Published:Friday | February 24, 2017 | 12:00 AM
Canute Thompson

In Part 1 of this series, I explored what I regard as the issues facing the Moravian Church. I argued, in the February 5, 2017, In Focus publication, that the current crisis wherein some ministers have been charged for alleged sexual misconduct involving minors is, in some respects, a symptom of a deeper problem.

I acknowledged that there are many dimensions to that deeper problem but chose to focus on one aspect, namely, how the leadership of the Church understands and exercises power and accountability. I further suggested that the Church's handling of a 2014 report of alleged sexual misconduct involving a minor, or minors, reflected part of the overall culture of how power and accountability were understood.

I offered the painful, but necessary, critique that for far too long, many of us as members of the Church have been willing to explain or justify the actions of our leaders, which, very often, we know to be wrong or unwise.

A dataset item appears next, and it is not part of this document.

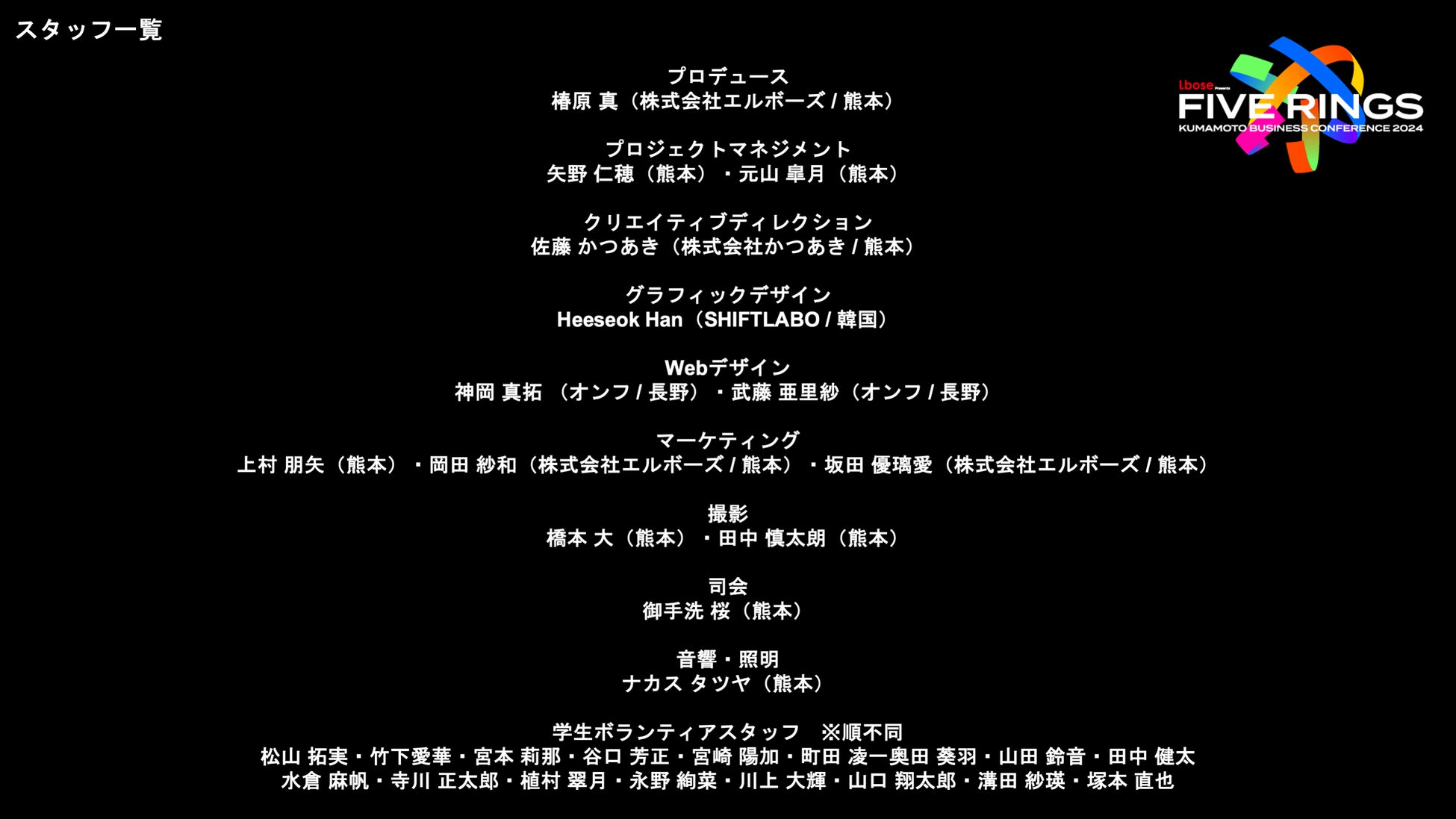 「"誰と、どこで、何をするか"を、もっと自由に。」をミッションにかかげ、企業のデジタルプロダクト開発支援を行う株式会社エルボーズ(本社:熊本県熊本市、代表取締役:小谷草志)は、3/5(火)に開催した熊本最大級のビジネスカンファレンス「FIVE RINGS」の開催報告書・レポート動画を公開しました

In this final part, I offer some suggestions on how the Church might deal with the current crisis.




A few synods ago, the Church, with the support of National Integrity Action and the Jamaica Civil Society Coalition, held a forum on corruption. That initiative was a welcome one and served to contribute to the image of the Church as a conscious player in an important national debate. The Church has another opportunity: to step up to the plate and show that it has the courage to articulate a commitment to heal not just its internal wounds, but the nation, as it hurts.

Synod 2017 would be a good place to engage in discussions on how the Church can work through the current issues that it faces. Hiding from each other, the public, and our reality is not a solution.

The Moravian Church has a duty to demonstrate to the public that it is serious about dealing with the issues bedevilling it. Speaking only in whispers, praying in generalities, preaching in vague terms, and casting blame will not provide a credible path forward. We have to be willing to confront ourselves and each other patiently and compassionately, yet boldly and honestly.

I offer these additional suggestions for public discussion and for the Church's consideration.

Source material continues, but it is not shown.